A pragmatic Utah senator who blended business savvy with conservative principle, focusing on technology and fiscal policy during three terms in Washington.
Bob Bennett arrived in the Senate with the dust of the corporate world still on his shoes. The son of a senator, he forged his own path first in public relations and then as a successful businessman, helping grow his family's firm and later launching his own ventures. This practical experience shaped his political outlook when Utah sent him to Washington in 1992. In the Senate, Bennett was less a firebrand and more a workman, earning respect as a thoughtful operator on the Banking and Appropriations committees. He championed internet freedom in its early days, co-authoring a key law that prevented discriminatory taxes on e-commerce. A staunch conservative, he nonetheless believed in governance, which sometimes put him at odds with his party's rising populist wing. His career ended not with defeat in a general election, but at the state GOP convention in 2010, where he was denied renomination—a signal of the tectonic shifts within the Republican Party.
1928–1945
Born between the Depression and the end of WWII. Too young to fight, old enough to remember. They became the conformist middle managers of the 1950s — and the civil rights leaders who quietly dismantled Jim Crow.

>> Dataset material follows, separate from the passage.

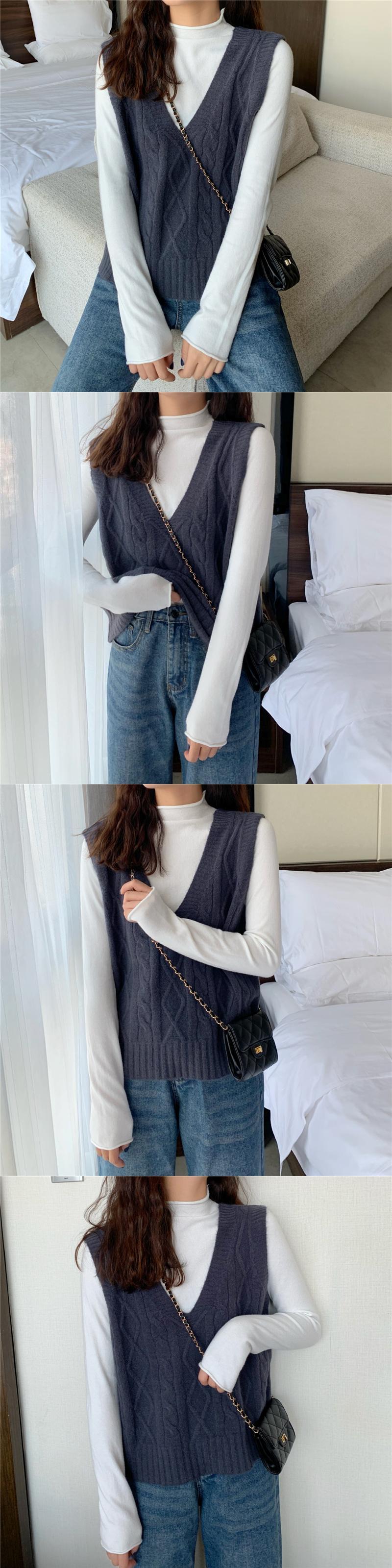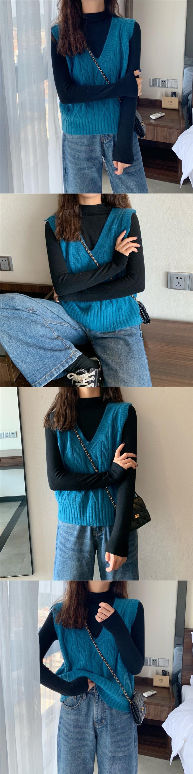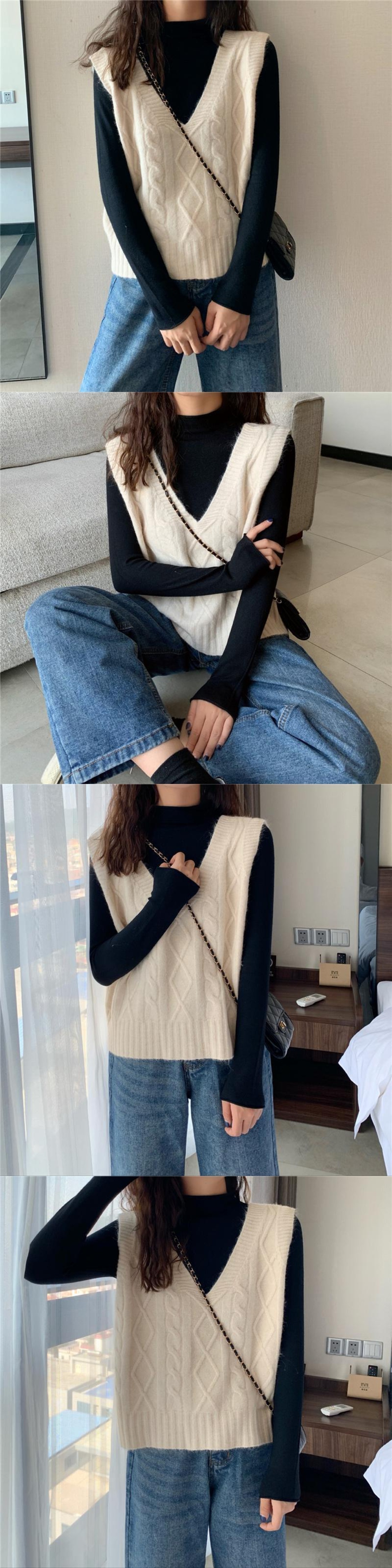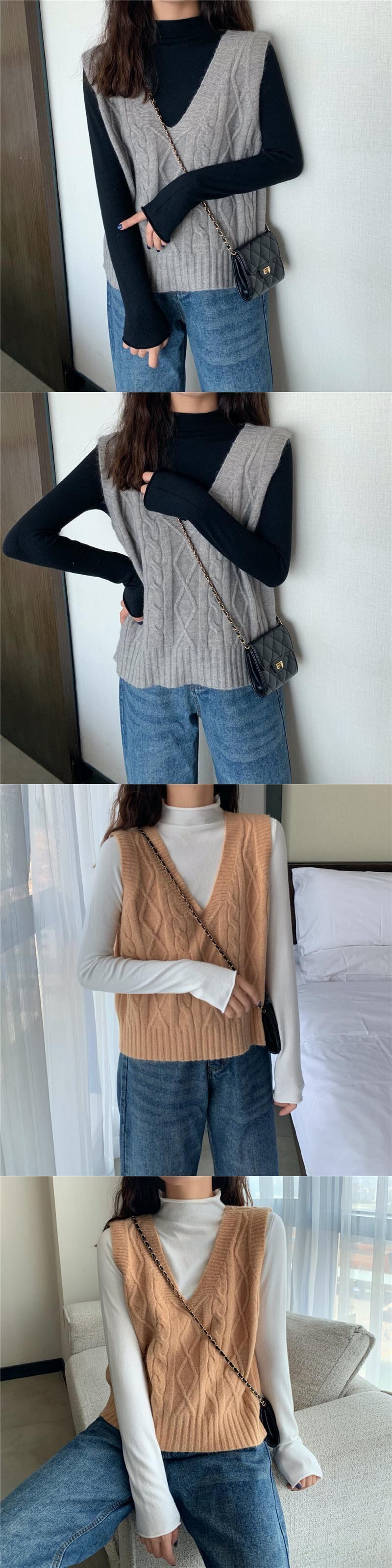 スプリング秋物ノースリーブセーター ルーズニットショートトップス 春物 オータム ウエスト コーデ Marchs90293537386

Bob was born in 1933, placing them squarely in The Silent Generation. The events that shaped this generation — world wars, depression, and rapid industrialization — shaped the world they entered and the choices available to them.
The biggest hits of 1933
#1 Movie
King Kong
Best Picture
Cavalcade
The world at every milestone
FDR's New Deal launches; Prohibition ends
Kristallnacht and the escalation toward WWII
United Nations holds its first General Assembly
NATO founded; Mao proclaims the People's Republic of China
First color TV broadcast in the US
Brown v. Board of Education desegregates US schools
JFK assassinated in Dallas; Martin Luther King's 'I Have a Dream' speech
US withdraws from Vietnam; Roe v. Wade decided
Internet adopts TCP/IP, creating the modern internet
European Union officially established
US invades Iraq; Human Genome Project completed
Edward Snowden reveals NSA surveillance programs
Donald Trump elected president; Brexit vote
Before politics, he was the CEO of Franklin Quest, the company that later became FranklinCovey.
He was the first Mormon to be elected to the U.S. Senate from a state other than Utah or Idaho.
Bennett provided the voice of a senator in the Hollywood film "The Contender" (2000).
He served as a missionary for the Church of Jesus Christ of Latter-day Saints in Scotland.
“The first rule of holes is when you're in one, stop digging.”